Going back to Shoyo Ishida – in the present, he was shown great remorse of what he did to Nishimiya and, as I mentioned, contemplated the idea of suicide since everything has turned south since then.

You can see that this guy is good at heart as he works hard to earn over a million yen for his mother before his set date of attempted suicide – which he cancelled shortly after his mother finding out and reuniting Nishimiya.

Nishimiya, on the other hand, felt a little bit distant at times of the film. I don’t know if this was intentional considering she is portraying a deaf character who uses sign language for communication.

But you could feel this kind of suffering because of her disability to hear – how she longs to just end it all since her inability to hear is making her life more miserable and also her very existence caused Ishida’s current state of isolation.

The other characters felt forgettable since they were introduced so quickly and was just there to fill some parts of the dialogue and events.


Kyoto Animation has done a magnificent job in animation this film. However, there were a few things that bothered me.

Ever since Hibike! Euphonium, KyoAni has started to use these blurs. At first, they were used to blur out backgrounds in the distance or to portray motion, but in Koe no Katachi, they were used too much which was kind of annoying for me to look at.

Positive-wise, I loved the symbolism used as they added X’s to every person’s face if they were not close to Ishida.

Ishida has this habit of looking downward and not hearing everyone’s voices thus the X’s on their faces really bring out this symbolism.

The X’s also come off their faces when Ishida develops some sort of bond towards them.

For example, Ueno was marked with X until Ishida reunited with her as she was giving out coupons. However, the X came back when Ishida and Ueno had a fight regarding about Nishimiya and how he had become boring since he wanted to become friends with everyone.

One scene to note of was at the end when Shoyo Ishida has come to terms with his past and has swore to “listen to everyone’s voices.” It was a wonderful way of showing this character development as Ishida walks in a middle of a bustling crowd during their school festival.

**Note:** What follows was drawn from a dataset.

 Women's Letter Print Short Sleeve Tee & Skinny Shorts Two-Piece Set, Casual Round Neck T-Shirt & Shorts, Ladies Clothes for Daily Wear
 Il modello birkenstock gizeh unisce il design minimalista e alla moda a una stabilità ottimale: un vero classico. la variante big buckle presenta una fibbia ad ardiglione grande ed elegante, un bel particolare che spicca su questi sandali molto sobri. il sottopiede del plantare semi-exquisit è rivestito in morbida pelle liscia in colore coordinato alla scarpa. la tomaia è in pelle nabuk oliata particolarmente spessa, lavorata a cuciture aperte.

As he walks, he slowly stops covering his ears and begins to listen to everyone talk at once as well as see their X’s falling from their faces – this was an emotional and great scene to show Ishida’s character development.

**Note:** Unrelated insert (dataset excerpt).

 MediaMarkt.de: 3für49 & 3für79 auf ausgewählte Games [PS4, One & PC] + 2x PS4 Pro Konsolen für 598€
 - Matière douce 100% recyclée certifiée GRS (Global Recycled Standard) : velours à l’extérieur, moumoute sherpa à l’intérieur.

Koe no Katachi is a wonderful anime that has a mix of feel-good elements and slice-of-life which depicts a young man who wishes to change and make amends with the mistake he’s made in the past but in the process, sacrifices his own happiness for it.

It is a wonderful film about regret, friendship, trust and overall, the realities of adulthood hitting our main characters as they learn and understand the events around them and each other, as well.

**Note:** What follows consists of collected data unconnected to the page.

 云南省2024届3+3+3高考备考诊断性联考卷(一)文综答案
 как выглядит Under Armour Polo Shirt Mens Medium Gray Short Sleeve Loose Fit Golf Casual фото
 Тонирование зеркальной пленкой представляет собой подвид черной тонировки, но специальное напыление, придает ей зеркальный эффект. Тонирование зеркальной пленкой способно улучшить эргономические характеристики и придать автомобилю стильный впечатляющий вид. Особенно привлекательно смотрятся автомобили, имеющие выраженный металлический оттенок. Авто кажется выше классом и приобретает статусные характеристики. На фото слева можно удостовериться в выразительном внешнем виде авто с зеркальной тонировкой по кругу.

The awards that this film has garnered is well-deserved. In my country, it outranks Kimi no Na Wa. in terms of turnout and money earned. I have nothing but praise for this film and highly recommend that you, dear reader, should watch this film if you get the chance to do so.


3 replies on “Review – Koe no Katchi (Silent Voice)”

nguangannguu! hahaha. All jokes aside, what appealed to me most is how they made the ending realistic.

None of the characters personality significantly changed in the end (just like in real life), but Ishida overcame the problem of blocking out everyone, which is the cause of him being a bully as a child and the cause of the X’s as an adult, and accepted the diversity of people in the real world.


I was kind of worried that the story telling would end with a romance between Ishida and Nishimiya since that was a possibility considering the whole confession she did earlier in the film. I’m glad they went for the most realistic end they could think of, otherwise, it would’ve killed the story.